# A tale of two Slingshot frames...Simpleshot vs Pride...



## ERdept (Jun 10, 2010)

I bought these two aluminum frames and tried both, and before I go on must say Luck over Skill went way out of his way to get me this,...

Anyway, it's of the Simpleshot Aluminum...









and the Pride Products..

Immediately I noticed the fit on the Pride was much better, tighter and more hand filling. As you can see, it's dimensional, not flat and fills the web of the hand making more stable and consistent. I did make one mod, which was to drill out and expand the hole to fit the pinky.

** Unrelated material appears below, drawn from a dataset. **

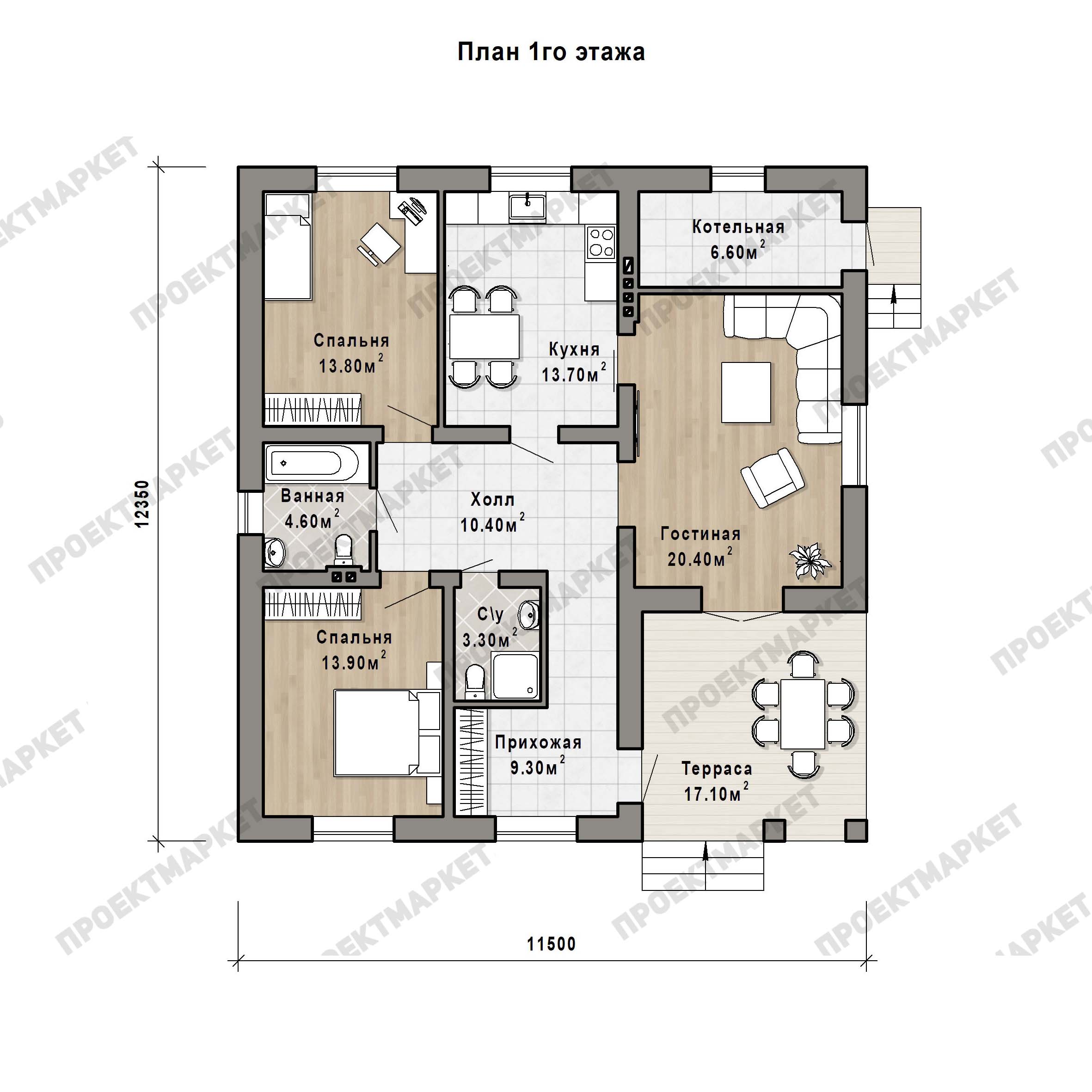 Любое строительство начинается с планировок этажей дома. Если вы мечтаете о доме из кирпича, начините с проекта дома, предлагаемого компанией «Проектмаркет».

First 20 min of shooting showed more consistency that the simpleshot. If anyone wants to sell me their Pride Products frame, lemme know, ...


----------



## Luck over skill (Jan 19, 2015)

Always nice to have a pride, nice to see those pics side by side, happy shooting


----------



## mattwalt (Jan 5, 2017)

The Targa looks stunning.


----------



## romanljc (May 26, 2014)

If something feels more comfortably in the hand sure it will help you be more consistent.
But every hand is different you will not know until you try would works best for a individual shooter everybody's a little different


----------



## PrideProducts (Jan 4, 2012)

Thank you very much for the review and comparison

Cool little mod on the pinky hole too ☺

Sent from my F8331 using Tapatalk


----------